Each line, starting at the one with "车身具有良好的空气动力学,内" and running to the end of the data below, is to be set down again exactly, both ends included; leave pictures out.

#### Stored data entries
=== Begin Enclosure ===
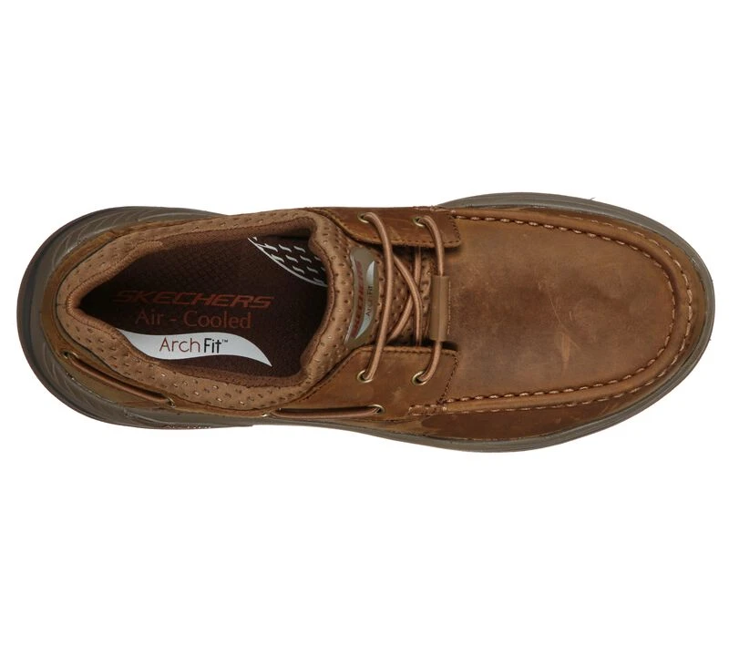 Your feet will thank you for the supportive comfort and smart style of the SKECHERS Arch Fit Motley – Hosco shoe. Smooth oiled leather and soft mesh fabric upper in a slip on stretch laced casual comfort moc toe boat style oxford with Arch Fit removable supportive cushioning insole system and cushioned midsole.
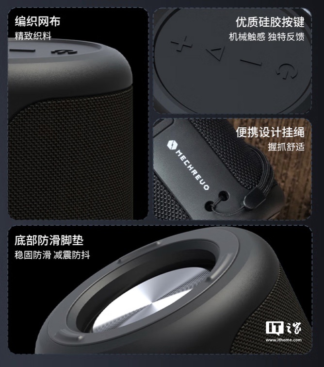 这款音箱整体采用黑色风格,造型圆润,覆盖有编织网布,顶部配备硅胶按键,带有挂绳设计,底部拥有防滑胶垫。
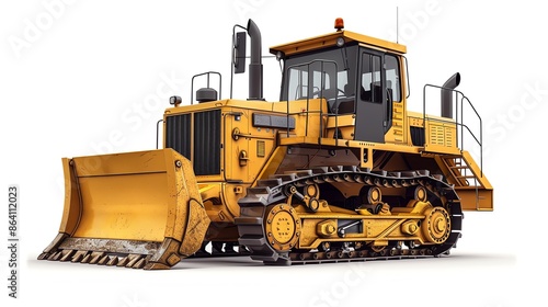 Detailed bulldozer with hydraulic system, isolated on white, construction equipment
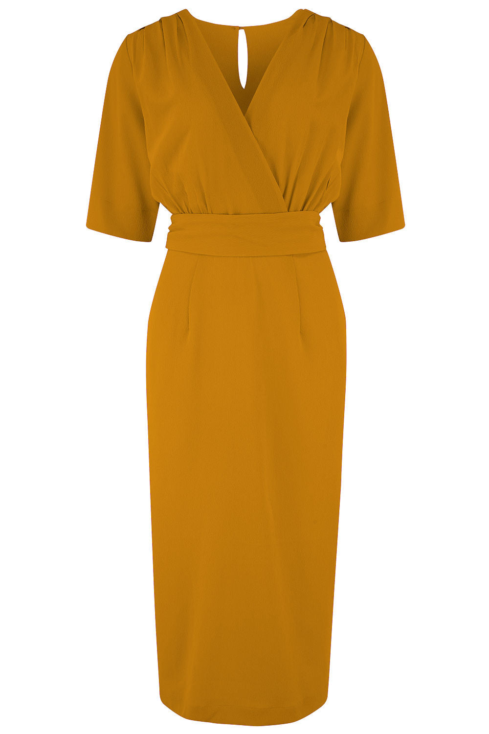 The “Evelyn" Wiggle Dress in Mustard, True Late 40s Early 50s Vintage Style
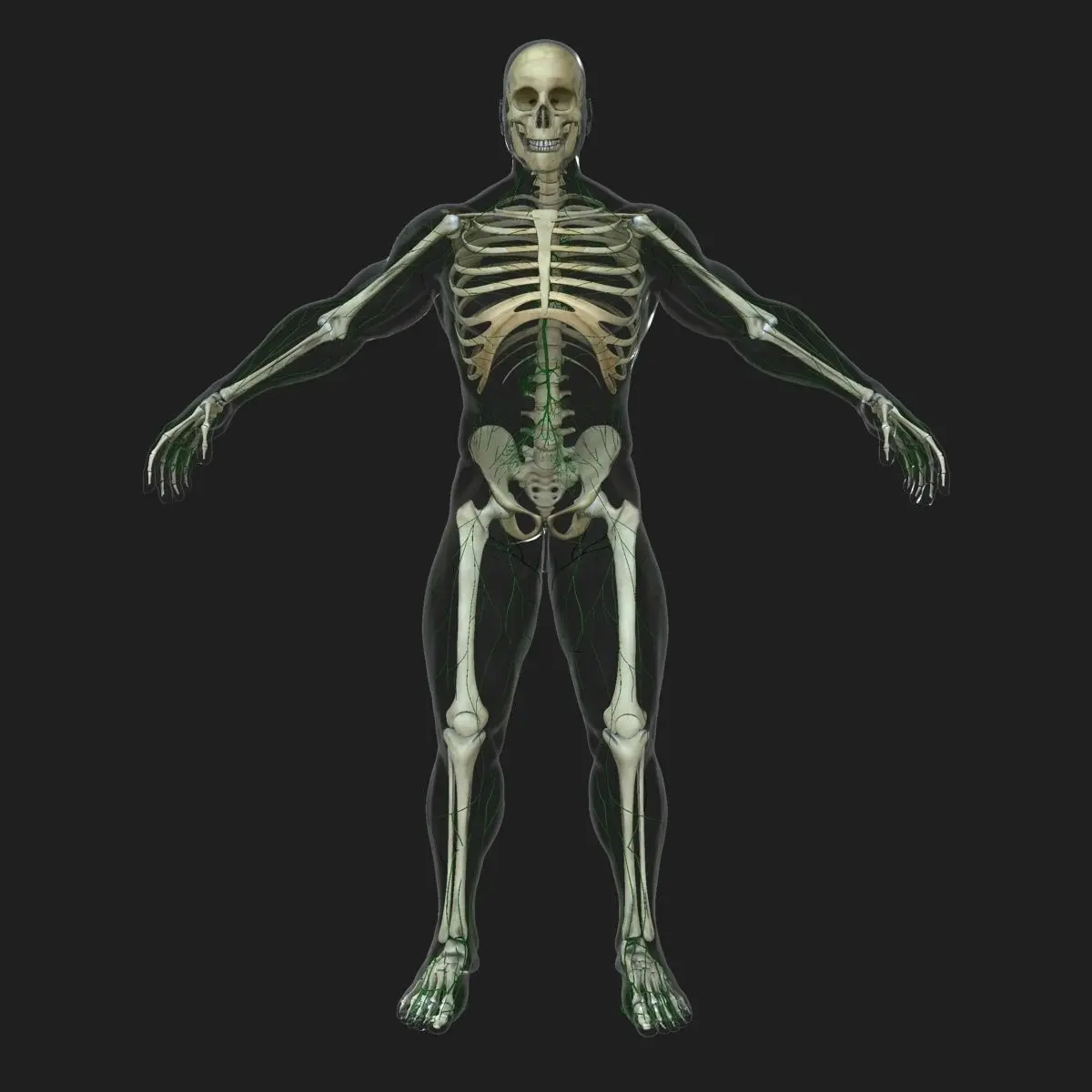 ==FEATURES==Detailed Lymphatic system with full body skeleton-X-Ray Shader for the Skin (Ready to render exactly as shown)-Each bone is select-able and named / grouped properly for easy organization-Real World Scale (Male: 6 feet 2 inches, 1.89 meters, 74.6 inches) (Female: 5 feet 10 inches)-Displacement map for extreme detail-Clean edge-loop based topology-Light set up ready to Render
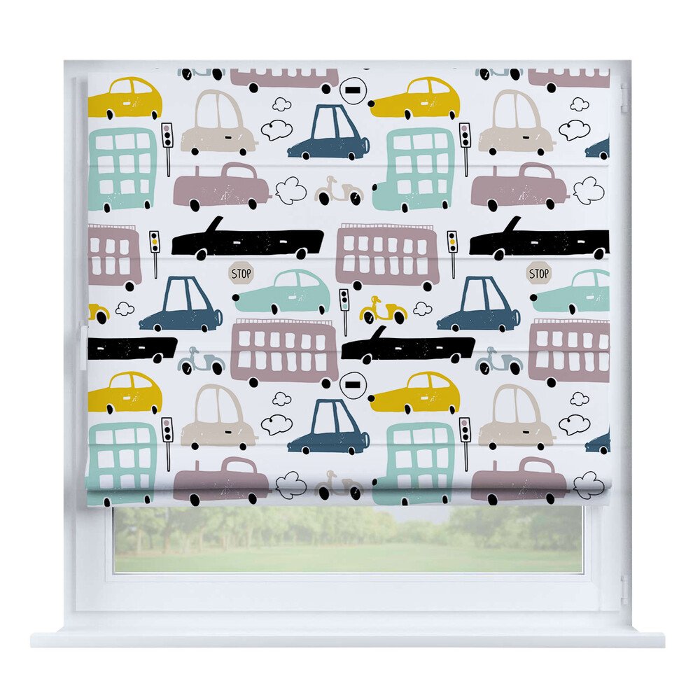 Римская штора для проёма «Скандинавский питомник», карниз верёвочный
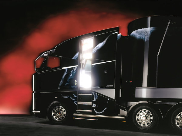 车身具有良好的空气动力学,内部分有工作区和房车般的客厅,动力来自460马力12.8升发动机,搭配自动变速器。
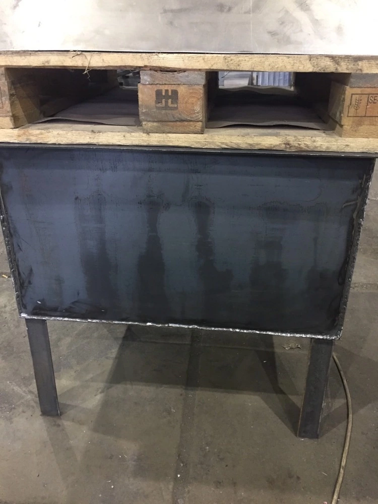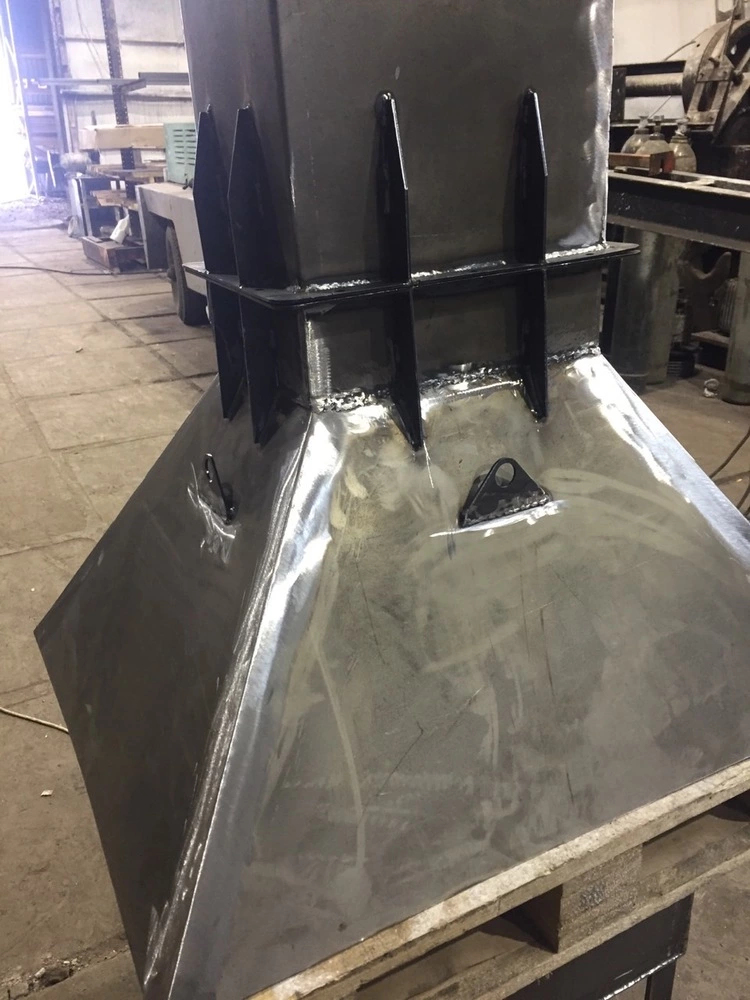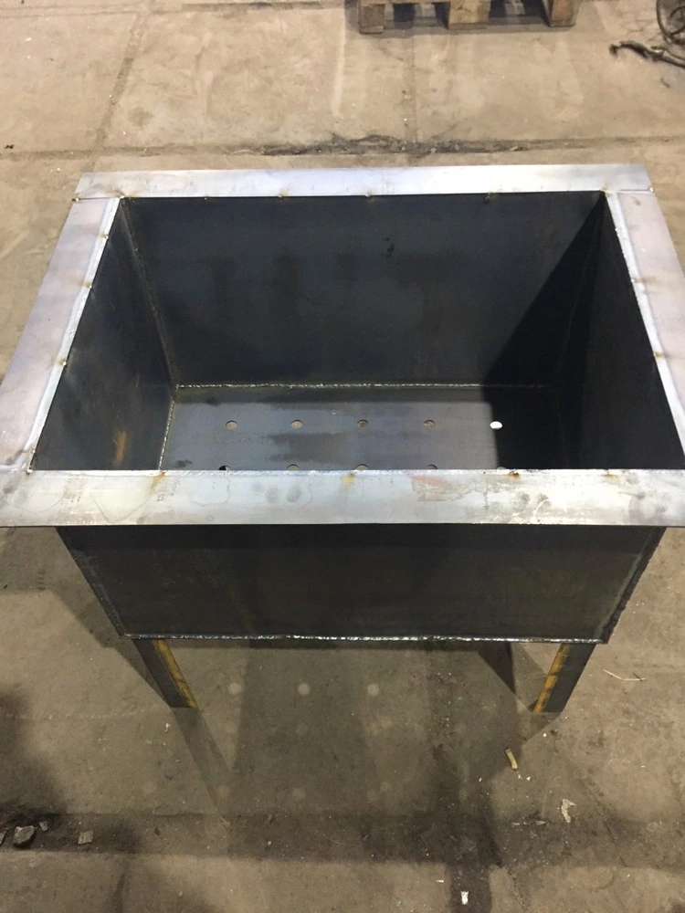 На фото мангал розміром (ВхДхШ, мм) 700х700х500, виготовлений із сталі 3 мм. В дні корпуса мангала передбачені отвори для кращого нагріва та тяги. Короб витяжки та димохід виконані із сталі 1,5 мм. Розмір короба 500х900х600, розмір витяжної труби 350х1700х250. На коробі 4 провушині для цепів підвіса.
=== End Enclosure ===
#### Answer
 车身具有良好的空气动力学,内部分有工作区和房车般的客厅,动力来自460马力12.8升发动机,搭配自动变速器。
 На фото мангал розміром (ВхДхШ, мм) 700х700х500, виготовлений із сталі 3 мм. В дні корпуса мангала передбачені отвори для кращого нагріва та тяги. Короб витяжки та димохід виконані із сталі 1,5 мм. Розмір короба 500х900х600, розмір витяжної труби 350х1700х250. На коробі 4 провушині для цепів підвіса.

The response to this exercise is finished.